__Information given__.
_ _ _ _ _ _ _
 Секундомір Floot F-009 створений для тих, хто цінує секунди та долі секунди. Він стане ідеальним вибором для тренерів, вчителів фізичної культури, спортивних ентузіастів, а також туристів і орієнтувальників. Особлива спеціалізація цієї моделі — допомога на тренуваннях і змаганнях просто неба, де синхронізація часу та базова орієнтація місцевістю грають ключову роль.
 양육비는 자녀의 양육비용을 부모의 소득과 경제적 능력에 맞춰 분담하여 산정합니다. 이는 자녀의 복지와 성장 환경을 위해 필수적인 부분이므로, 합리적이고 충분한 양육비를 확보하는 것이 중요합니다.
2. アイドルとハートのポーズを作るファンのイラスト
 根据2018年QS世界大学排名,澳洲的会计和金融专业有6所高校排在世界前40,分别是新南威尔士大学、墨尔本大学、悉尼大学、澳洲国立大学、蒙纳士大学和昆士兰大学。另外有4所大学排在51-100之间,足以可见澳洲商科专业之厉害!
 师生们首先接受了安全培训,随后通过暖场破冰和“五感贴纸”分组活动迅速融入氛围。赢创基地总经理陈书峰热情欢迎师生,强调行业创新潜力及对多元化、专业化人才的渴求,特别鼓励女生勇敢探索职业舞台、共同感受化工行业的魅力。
_ _ _ _ _ _ _
__Problem__. Would you write out all the records exactly as they read?

__Problem solution__.
 Секундомір Floot F-009 створений для тих, хто цінує секунди та долі секунди. Він стане ідеальним вибором для тренерів, вчителів фізичної культури, спортивних ентузіастів, а також туристів і орієнтувальників. Особлива спеціалізація цієї моделі — допомога на тренуваннях і змаганнях просто неба, де синхронізація часу та базова орієнтація місцевістю грають ключову роль.
 양육비는 자녀의 양육비용을 부모의 소득과 경제적 능력에 맞춰 분담하여 산정합니다. 이는 자녀의 복지와 성장 환경을 위해 필수적인 부분이므로, 합리적이고 충분한 양육비를 확보하는 것이 중요합니다.
2. アイドルとハートのポーズを作るファンのイラスト
 根据2018年QS世界大学排名,澳洲的会计和金融专业有6所高校排在世界前40,分别是新南威尔士大学、墨尔本大学、悉尼大学、澳洲国立大学、蒙纳士大学和昆士兰大学。另外有4所大学排在51-100之间,足以可见澳洲商科专业之厉害!
 师生们首先接受了安全培训,随后通过暖场破冰和“五感贴纸”分组活动迅速融入氛围。赢创基地总经理陈书峰热情欢迎师生,强调行业创新潜力及对多元化、专业化人才的渴求,特别鼓励女生勇敢探索职业舞台、共同感受化工行业的魅力。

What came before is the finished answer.